The Justification For Latin

Justification for Latin

The question as to the educational worth of any study must always be a pertinent one. If Latin is not of fundamental importance in the high-school curriculum, then large numbers of students are making a prodigious error in pursuing the subject, and the sooner we understand this, the better for our civilization. If, on the other hand, the increase is the result of wise choice or even of wise instinct, we must, while rejoicing at the greater recognition Latin is securing, at the same time admit our own vastly increased responsibility for its wise direction and promotion.

Before considering the special reasons that exist in favor of studying Latin, let us first consider the function of language in general as an instrument of education. The function of education is purportedly to prepare pupils to be useful members of society. To make them such, it is essential that they be taught to understand as fully as possible the nature and character of the national life—social, civil, political, religious—in which they are born or in which their lot is cast. To a certain extent, also, it is essential that they learn to apprehend the nature and character of the larger life of the nation.

What now is the instrument best adapted to the attainment of this end? It is language. Language is the supreme instrument in education, i.e. the higher education, because of its universal nature. It promotes intellectual discipline and brings intellectual power, because the study of language brings us at every turn face to face, as nothing else does, with subjects and questions of intellectual concern and intellectual interest. Language deals with ideas; it touches perpetually on problems of the relations of man to man, of man to society, and of man to the State. The analysis of language demands refined and precise thinking. So long then as ideas are important, and so long as the underlying conceptions which reflect the national life of a people are important, the supreme value of the mastery of these through language study will continue to be recognized.

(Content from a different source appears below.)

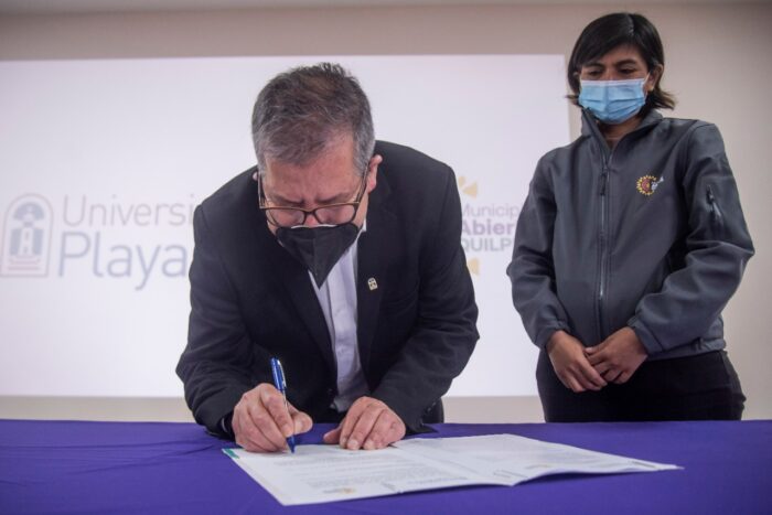 Para reforzar este proyecto y otros que se desarrollan de forma conjunta, ambos organismos suscribieron un convenio de colaboración que apunta a fortalecer lazos entre las dos instituciones, y, sobre todo, beneficiar a la comunidad. Así lo explicó Patricio Sanhueza Vivanco, rector de la Universidad de Playa Ancha: “Tenemos que focalizarnos en las personas, en lo que las rodea, los problemas que agobian a las personas y cómo los vamos resolviendo en conjunto. (…) Nosotros sentimos que cumplimos con una misión, que es de preocuparnos del bien común, del entorno. Somos una universidad del Estado y, por lo tanto, tenemos los principios de la educación pública, y esos principios tienen que ver con temas tan importantes como el interés general, el interés común, el bien común, y la relación permanente del conocimiento con el hacer, con la aplicación del mismo conocimiento”.

By the study of language is meant the study of one’s own language, but the study of one’s own language is achieved incomparably better by the indirect method of studying another language. Only so can the necessary processes of comparison be effectively instituted. Latin is of value because it confers a mastery over the resources of one’s mother
tongue. This mastery comes as the direct and necessary result of careful daily translation—a process involving on the one hand a careful consideration and analysis of the thought of the author read, and on the other a severe and laborious comparison of the value of alternative English words, phrases, and sentences, with the consequent attainment of skill in making the same effective as vehicles of expression. No one, I think, will undertake to deny that the results here claimed are actual, and if actual, it can hardly be denied that they constitute an important justification for the study of Latin.

Training in English, then, as the result of careful translation from Latin, is here set down as the first and most important reason for studying Latin. To my own mind this reason weighs more than all others combined. Let us examine more in detail how translation from Latin gives such admirable training in English. Translation is a severe exercise. The lexicon or vocabulary tells the meanings of words, and the grammar states the force of inflected forms, but it is only after the pupil, provided with this equipment, has attacked his Latin sentence with a view to translation that the real struggle begins. His vocabulary may have given him a dozen or even twenty meanings under a single verb or noun, and the pupil must reflect and carefully discriminate before he can choose the right word, the one just suited to the context. Further, his Latin sentence may be long, complex, and periodic, entirely different in structure from anything we know in English; such a sentence must be broken up and so arranged as to conform to our English mode of expression. The Latin sentence may have one of those Protean ablative absolutes—an idiom that our English style practically abhors. Every such ablative absolute has to be examined with care prior to an English rendering. It may express time, cause, concession, condition, attendant circumstance, means, or what not, and must be rendered accordingly. Again the Latin sentence may secure by its arrangement of words certain effects of emphasis which English can bring out only by the employment of very different resources.

Every teacher knows how difficult translation is, and knows that it is serious work, often slow work, but also what it means to the pupil who submits to it. The teacher knows that such a pupil is gaining a mastery over the resources of his mother tongue. Factual knowledge, except to a very limited degree, the student is not gaining, but he is learning what words mean; the pupil is learning to differentiate related concepts, acquiring sense for form and style, and if he be so fortunate as to be endowed with any native gifts of thought having reached maturity, he has that indispensable equipment of the educated person—the capacity to say what he says with directness, clearness, precision, and effect.

There has been a great outcry in recent years about the importance of English, and it has been one with which I think the body of thoughtful persons have in large measure sympathized. All have cheerfully acknowledged the great importance of an ability to use one’s native idiom with skill and power. It is because I sympathize so heartily with this sentiment that I enter this defense of translation. It is because translation from Latin to English seems to me such a stimulating, vitalizing exercise, and so helpful to the student who would attain mastery of his own language—it is because of this that I find full justification for the study of Latin.

Excerpt from Charles. E. Bennett’s The Teaching of Latin in the Secondary School, 1903.